A outra face dessa diferença é a superficialidade. Quer dizer, crianças ao contrário de Flusser, são dispersas. Põem-se a pular de um para outro objeto de investigação. Saltam de um para outro brinquedo, feito estivessem num playground. E acabam não investigando nada mais detidamente. Embora recriem o mundo de um modo mágico e intuitivo, cheio de fantasia e jogo. De uma forma como não sabemos mais fazer depois de adultos. Embora essa forma - intuitiva, lúdica, mágica - quando suprimida também nos deixe num tremendo prejuízo. 
Mas, de outro modo, nós hoje temos uma dimensão prática bem mais efetiva desses fenômenos de comunicação via redes de computador, mediante a universalização da internet e da tecnologia digital – pois era sobre esses fenômenos que o autor de Bodenlos já falava, quando eles apenas brotavam, botavam as manguinhas de fora. E, aqui, é necessário entender que a força do pensamento de Flusser nutre-se também dessa brusquidão, alimenta-se dessa aparente falta de polimento, de jeito.  De estar a farejar algo ainda em processo. E ao contrário do que ocorreu com Benjamin, a recepção de Flusser ainda é por demais recente e escassa para ter se voltado contra ele em potência.³
Isso para não falar que o judeu em Flusser casa muito bem com o improviso brasileiro. Ambos reconhecem-se mais transitórios, prófugos e obrigados a improvisar por força de se encontrarem à margem. E é essa mentalidade brasileira - naturalmente barroca e profusa, impreparada, assistêmica, bastante ahistórica, assimétrica, sensual que se faz notar também como um dado novo no pensamento de Flusser. Sua recusa em citar fontes, por exemplo, passa ao largo de um desejo normativo que engessou o pensamento acadêmico não é de hoje. [4]


___________
¹ daí que para o empacotador de supermercado seja imperativo obter o novo smartphone, que traz a última ninharia técnica: a câmera de x-megapixels, ou a velocidade x.0. E então, ele terá de vender o antigo, quitar a dívida, para poder dar entrada no novo, endividar-se com ele. Sem falar no que há de antisustentável nessa lógica, que aposenta aparelhos, ainda em vida útil, numa velocidade cada vez mais brusca e cujo retorno não é mais que uma milimétrica vantagem técnica que logo será superada por outra. Mas não é essa a lógica de consumo em que já vivemos sendo apenas acelerada?

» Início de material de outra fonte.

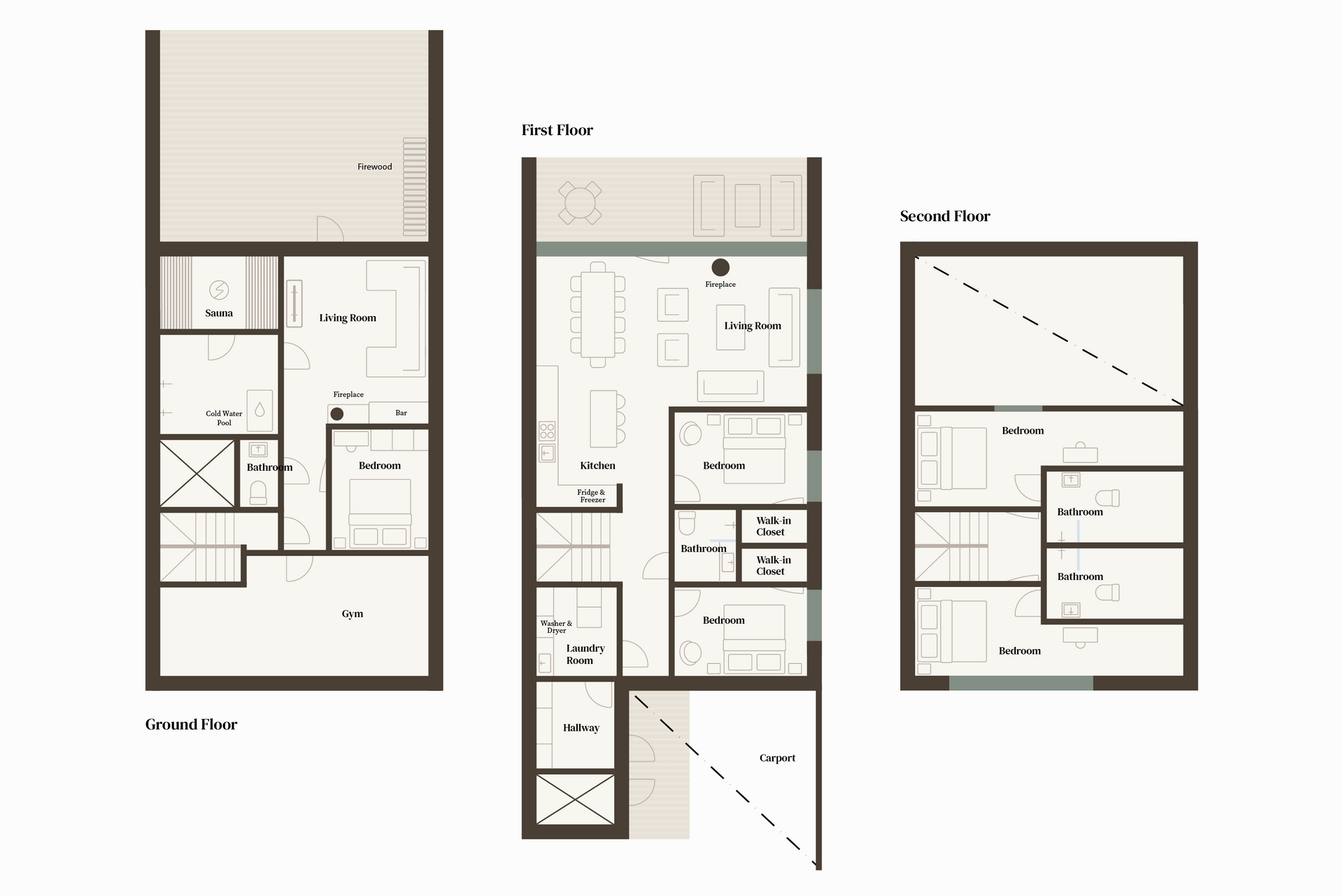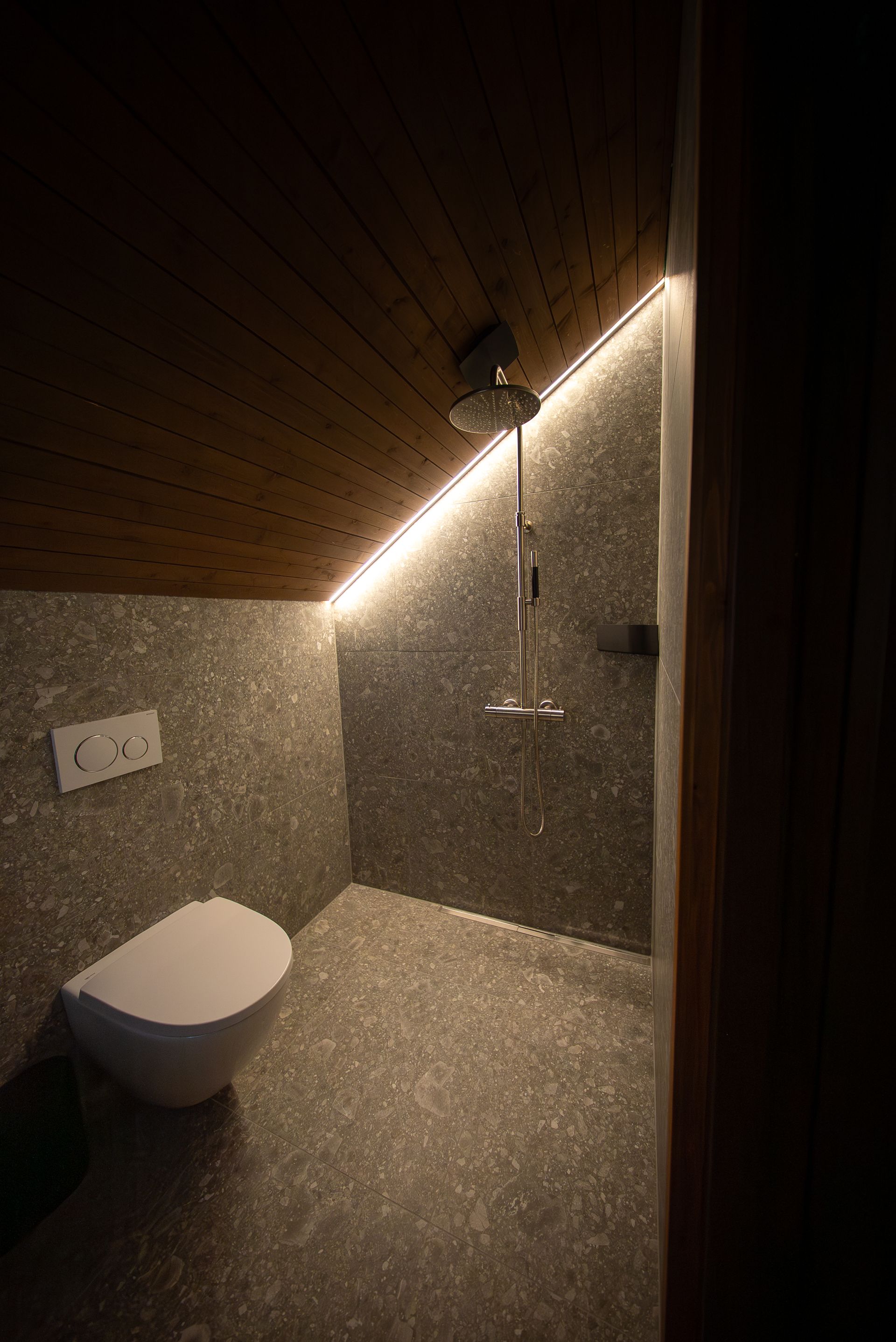 The top-floor bedrooms each have their own private bathrooms, each featuring a shower and a toilet.

² de imediato se pode argumentar que o modo como Flusser trata a etimologia de certas palavras-chaves – tais como design, tecnologia e arte – em seu ensaio “Sobre a Palavra Design” é amplamente fantasioso. Mas isso não implica numa diminuição do valor heurístico do ensaio. Pois ele, de outro modo, revela, descobre coisas a partir dessa “fantasia etimológica”. E, indo mais fundo, pode-se indagar: que etimologia não é também fantasiosa e/ou intuitiva?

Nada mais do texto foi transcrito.